What we are talking about is the refereeing, missed offensive pass interference, and a decision that changed the outcome of the game. What most people thought they saw was Green Bay Packers safety MD Jennings make the interception that sealed the game. What was called was Seattle Seahawks Golden Tate catching the winning touchdown.

But let's not start there; let's start earlier in the drive, on a 1st and 30, with defender Sam Shields covering Sidney Rice, turning to make a play on the ball and being grabbed by the receiver. Flag on the play. Only the call was, incredibly, defensive pass interference, rather than offensive. A reward of 32 yards, and enough of a bad call to have left a taste in the mouth had the Seahawks legitimately staged a comeback thereafter.

Which they did, officially, because Golden Tate was given touchdown in the end zone soon enough, with another blown offensive interference call, one so easy, even I could see it.

Argue 'simultaneous possession' all you like, it didn't seem like a touchdown. I refuse to accept that it was a touchdown. I will not bend reality, stretch definitions, or conjure up blind spots to find a way to live with the result, as called, by replacement referees. I think the Packers showed immense class by walking off, taking their frustrations to the locker room and twittersphere.

It could have been worse.

With both the Patriots-Ravens game (which pales by comparison) on Sunday night and then with the Packers-Seahawks game on Monday night, the home team won.
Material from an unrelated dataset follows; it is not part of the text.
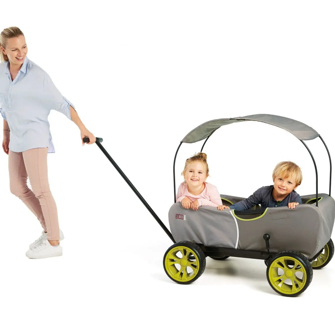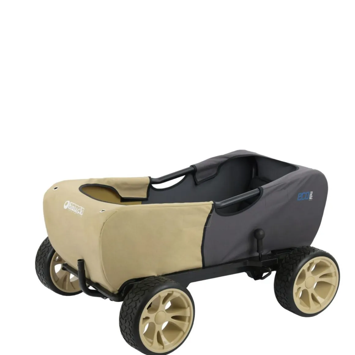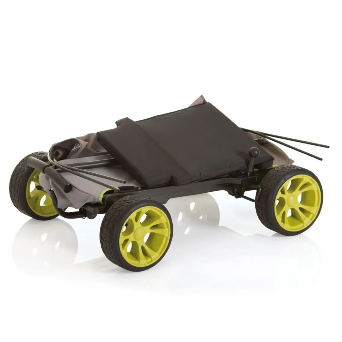 La charrette à bras Eco Mobil de hauck est un véhicule de transport multifonctionnel. La construction en tube d’acier est robuste, le fond en plastique profilé et le matériau solide permet une capacité de charge maximale de 50 kg. Grâce aux larges dimensions, à la grande protection solaire et aux deux coussins d’assis, le chariot à tirer convient pour le transport de deux enfant à partir de 2 ans. Le centre de gravité bas permet une stabilité supérieure. Grâce aux côtés légèrement plus bas ainsi qu’aux poignée, les filles et les garçon peuvent facilement entrer et sortir de la charrette à pousser. Le frein de stationnement empêche qu’elle puisse rouler sur les pentes obliques. Ainsi, l’Eco Mobile se replie facilement et de façon compact pour un rangement et un transport aisé. Points forts : châssis robuste en tube d’acier, fond solide, centre de gravité bas, roues EVA 10″ »Ø 25,5 cm, roues arrière amovibles, pliable, tige suspendue amovible, deux coussins d’assise pour deux enfant à partir de 2 ans, capote pare-soleil, poids 16,5 kg, dimensions avec tige (L/l/H) 124 x 75 x 110 cm, dimensions sans tige (L/l/H) 97 x 75 x 100 cm, dimensions plié (L/l/H) 97 x 75 x 34 cm, capacité de charge maximale 50 kg.
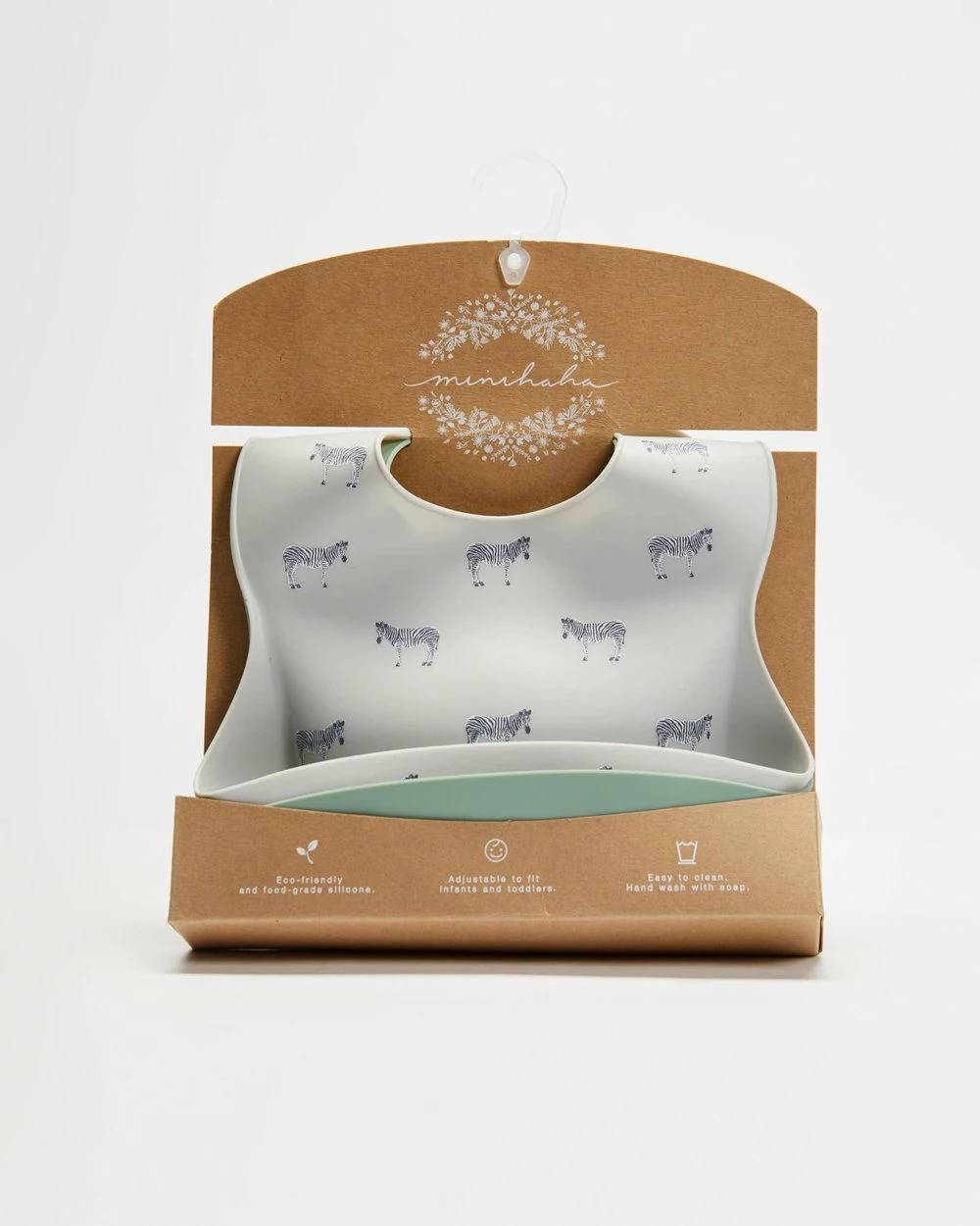 The soft and flexible 2 Pack Silicone Bibs from Bebe by Minihaha feature a wide scooped base for easy containment of messy mealtimes.

Coincidence? that's a whole extra conversation. The road teams seethed their way back to their airports. But what happens when the home team loses under similar circumstances? What happens if a team gets jobbed in their home stadium, with 80,000 filling the air with chants of "B---S**t, B---S**t" (as was heard around the globe loud and clear on Sunday night), and then their team loses? What happens in Philly, against the Giants, and the Eagles lose it on a controversial call? A storm of food and drinks raining down on the field? Assaults? A riot?

NFL games are being played under the tenuous – and eroding – control of the replacement refs. If things continue this way, I fear something very serious could happen during or after a game.

Right now, the NFL needs to get around the table with regular refs, and it needs to do so in the spirit of 'compromise'. Because on the evidence of last night, league credibility has been compromised.